Leave the pictures out, and repeat exactly every line from the one with "不只藝術沙拉、私房海鮮前菜,主餐擺盤也不" through the end of the data below.

-- Collected data follows --

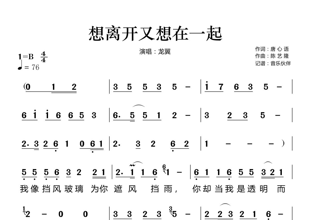《想离开又想在一起》是龙翼演唱的一首歌曲,拍号为4/4拍,歌曲速度为每分钟76拍,这份简谱共有两张高清图谱,图谱由 @音乐伙伴 编配上传。
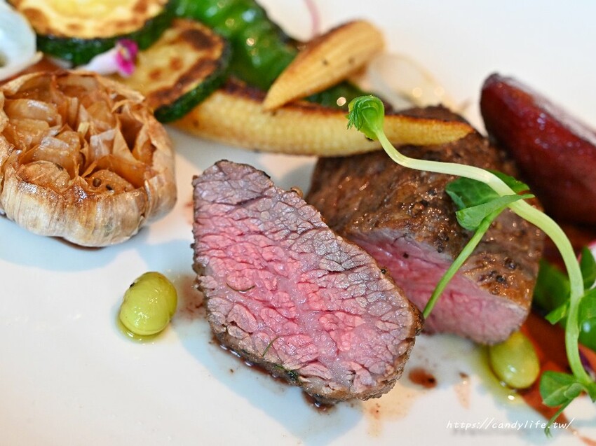 不只藝術沙拉、私房海鮮前菜,主餐擺盤也不妨多讓,一樣美到不行,理由除了烤時蔬,還有油封蒜頭、迷你洋蔥、紅酒燉洋梨佐上主廚特製的印度辣醬
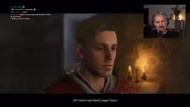 01:52:59Der Streamer erreicht Thomas gerade noch rechtzeitig und übergibt ihm das Elixier. Anschließend wird er zum Burgherrn Otto von Bergen beordert, einem mächtigen Baron. Während des Gesprächs wird ein großer Plot-Twist offenbart: Die Mission ist eingebettet in einen Konflikt zwischen zwei Königsparteien, Team Wenzel und Team Sigismund. Die Charaktere sind Boten von Caprons Vater und versuchen, Verbündete für ihre Seite zu gewinnen, was die Lore des Games erheblich vertieft.

-- Collected data concluded --

## Exercise answer
 不只藝術沙拉、私房海鮮前菜,主餐擺盤也不妨多讓,一樣美到不行,理由除了烤時蔬,還有油封蒜頭、迷你洋蔥、紅酒燉洋梨佐上主廚特製的印度辣醬
 01:52:59Der Streamer erreicht Thomas gerade noch rechtzeitig und übergibt ihm das Elixier. Anschließend wird er zum Burgherrn Otto von Bergen beordert, einem mächtigen Baron. Während des Gesprächs wird ein großer Plot-Twist offenbart: Die Mission ist eingebettet in einen Konflikt zwischen zwei Königsparteien, Team Wenzel und Team Sigismund. Die Charaktere sind Boten von Caprons Vater und versuchen, Verbündete für ihre Seite zu gewinnen, was die Lore des Games erheblich vertieft.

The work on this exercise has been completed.